In a survey of more than 500 CIOs, those with the most mature digital strategies and capabilities are also more likely to report effective collaboration across the C-suite.
The peer business leader that CIOs have the most effective relationship with is the chief human resources officer (CHRO), according to new research by Oxford Economics that will appear in the June issue of ServiceNow’s Workflow Quarterly.
Tiffany Hall, CIO of the world’s largest independent cancer charity, Cancer Research UK, agrees that senior-level relationships across business units are key to success. In her experience, a strong partnership between IT and HR can both prove the value of the IT organization and benefit IT directly.
“Some departments prefer to treat us as a supplier, rather than as a partner, and yet it’s as a partner that we can add more value,” says Hall.

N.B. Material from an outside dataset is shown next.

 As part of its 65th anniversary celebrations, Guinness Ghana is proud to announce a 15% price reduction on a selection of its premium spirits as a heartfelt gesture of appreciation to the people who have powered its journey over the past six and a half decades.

At Cancer Research UK, the HR function is on a digital journey to “run their own technologies more easily themselves,” as Hall’s department partners with them to address recruitment and retention challenges.

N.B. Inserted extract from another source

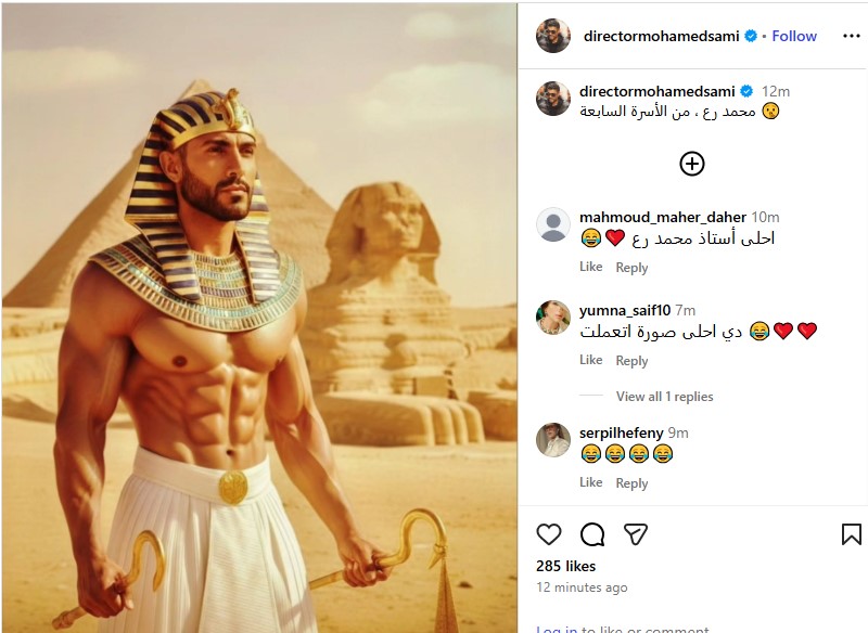 ونشر محمد سامي صورة بالزي الفرعوني، من خلال حسابه الرسمي عبر موقع تبادل الصور والفيديوهات القصيرة إنستجرام وكتب:محمد رع من الأسرة السابعة.

In fact, 77% of CIOs surveyed agree it’s their role to partner with CHROs to set HR and talent strategies. Yet only the highest-performing CIOs track closely to that figure, with 73% saying they have an effective relationship with the CHRO. Among the other CIOs in the survey, just 49% say they have an effective relationship.
Unsurprisingly, the survey found that skill gaps are among the biggest factors that block CIOs from achieving better business outcomes via digital workflows.
One variable that appears to correlate with a close CHRO relationship is workflow digitization. CIOs who rate their current CHRO collaboration as “highly effective” are more than twice as likely to say they are “far along” with digitization, versus “beginning to evaluate.”
Another variable may be cultural and geographic differences. While the CIO-CHRO relationship is fairly consistent across more than 20 industries, CIOs in Japan, France and the U.S. are more likely to have a more effective relationship with their CHROs than in the Netherlands or U.K.